|Title||Synchronous species responses reveal phenological guilds: implications for management|
|Publication Type||Journal Article|
|Year of Publication||2018|
|Authors||Browning D.M., Crimmins T, James D.K., Spiegal S, Levi MR, Anderson JP, Peters DC|
|ARIS Log Number||346961|
|Keywords||Chihuahuan Desert, drylands, first fruit, first leaf, long-term ecological research, pattern recognition, phenological functional group, plant phenology, Special Feature: Dynamic Deserts, start of season|
Phenological studies are critical for understanding the ability of terrestrial ecosystems to respond to changes in climate.
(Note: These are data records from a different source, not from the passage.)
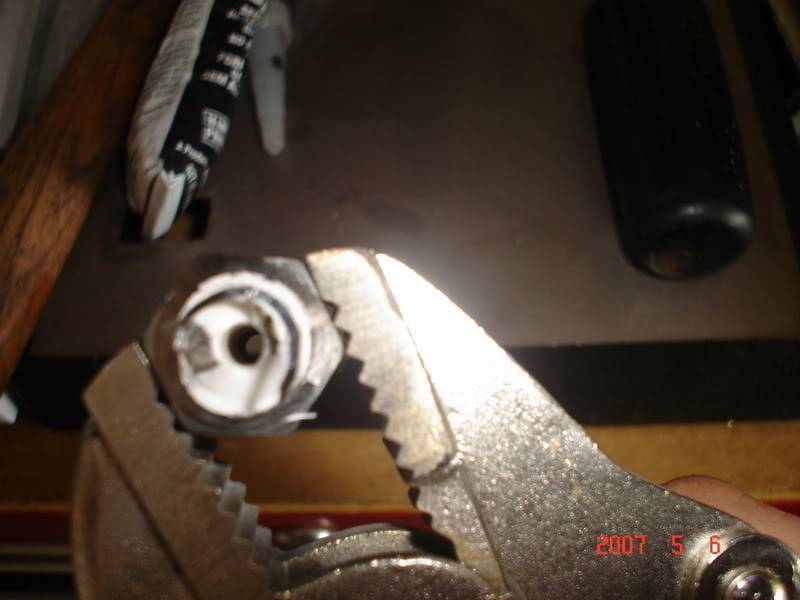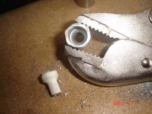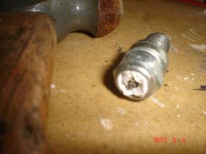 Break the porcelain off with a hammer (eye protection required). Take a small screwdriver and break up the porcelain under the crimp (portion that holds the porcelain in the plug body ), this will let you grind the crimp only and the job will go faster as the porcelain is harder to grind. Then pull the rest of it out. You now have to tap threads in the gutted area for 1/4“ NPT (national pipe thread)in the plug body and you are ready to go. 11) |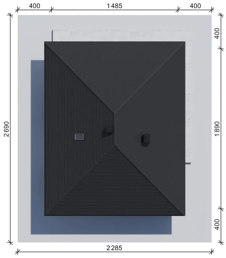 - Szerokość domu14.85 m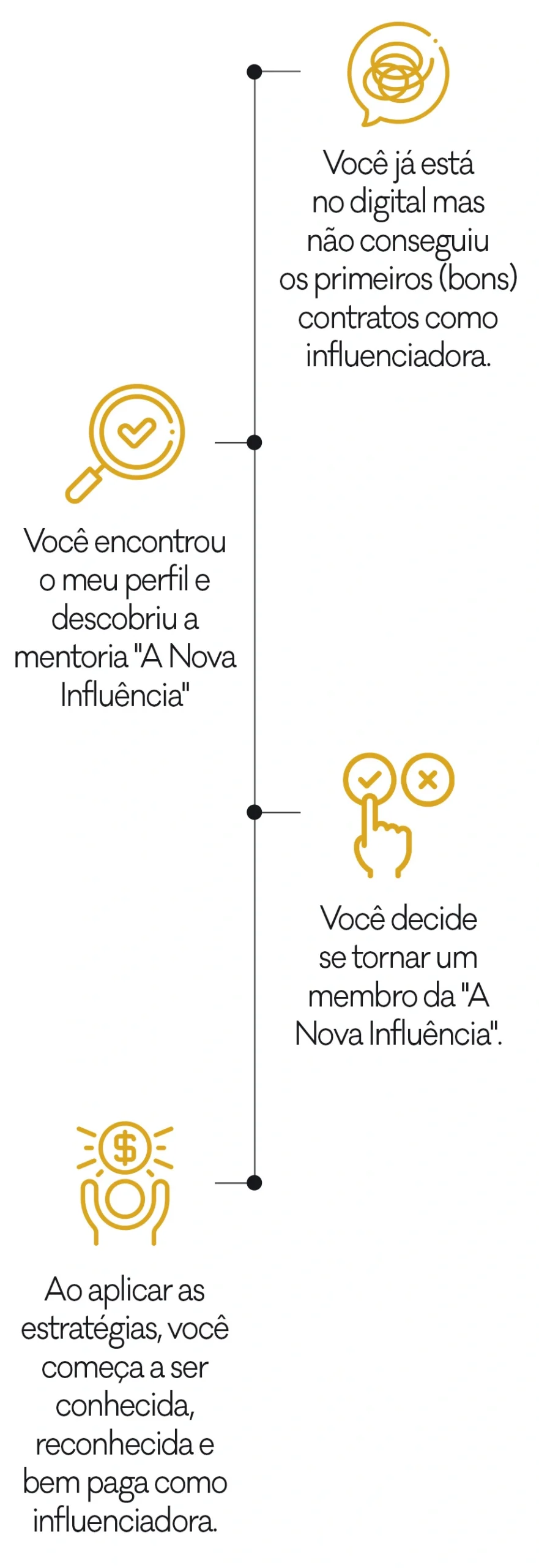 A Nova Influência será um espaço de desenvolvimento de carreira e trocas entre os membros selecionados. Nessa primeira edição, o número de participantes é limitado e por isso, escolhi a dedo as nossas convidadas. Se você está aqui, é porque vejo potencial de evoluir ao meu lado, com o meu direcionamento.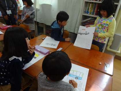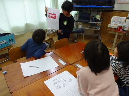 国語科の学習で「じどうしゃくらべ」を読み,しごととつくりを見つけました。
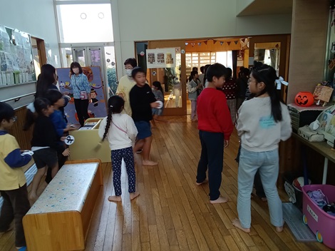 10月30日(木)PM3:00〜今年もハロウィンにちなみ【ハロウィンパーティー】を実施しました。たくさんの子どもたちが参加し、チーム対抗のゲームを楽しみ、盛り上げてくれました。最後の紙コップ落としは、ハラハラドキドキで、応援する声も大きかったです。最後にちょっぴりお土産を渡し、終了しましたが喜んでくれた子どもたちの笑顔が印象的で、やりがいを感じる瞬間でした!

Monitoring seasonal transitions at the species or community level across large areas is challenging and expensive. One approach for lowering costs is to identify phenological guilds—groups of species that exhibit similar timing of seasonal transitions—and limit monitoring to a smaller number of species within a guild. In this study, we evaluated 23 consecutive years of monthly observations of individual species at 15 long‐term study sites at the Jornada Basin USDA‐Long‐Term Ecological Research site to identify patterns in the onset of three phenophases—leaf‐out, flower, and fruit—of 16 widely occurring species in the arid southwestern United States and to investigate the existence of phenological guilds. We conducted univariate analyses of distributions in the timing of leaf, flower, and fruit production across time and space and multivariate cluster analysis of the time series to identify coherent groups of species–site instances that exhibit coherence in timing of phenophase onsets (i.e., guilds). The six species of C3 shrubs demonstrated greater consistency in timing of all phenophases relative to C4 grasses. Further, we found that in all species, leaf‐out occurred prior to the onset of the summer monsoon rains. Cluster analysis revealed six groups of species–site observations demonstrating high within‐year concordance in timing of leaf‐out and first fruit across variable site conditions and rainfall years. The six groups for timing of first fruit differed from those for first leaf in that they exhibited greater multi‐species membership and within‐year variability in timing. We propose that use of phenological guilds can improve the efficiency of ecosystem monitoring, predictive models of ecosystem cues driving phenological events, and land management outcomes.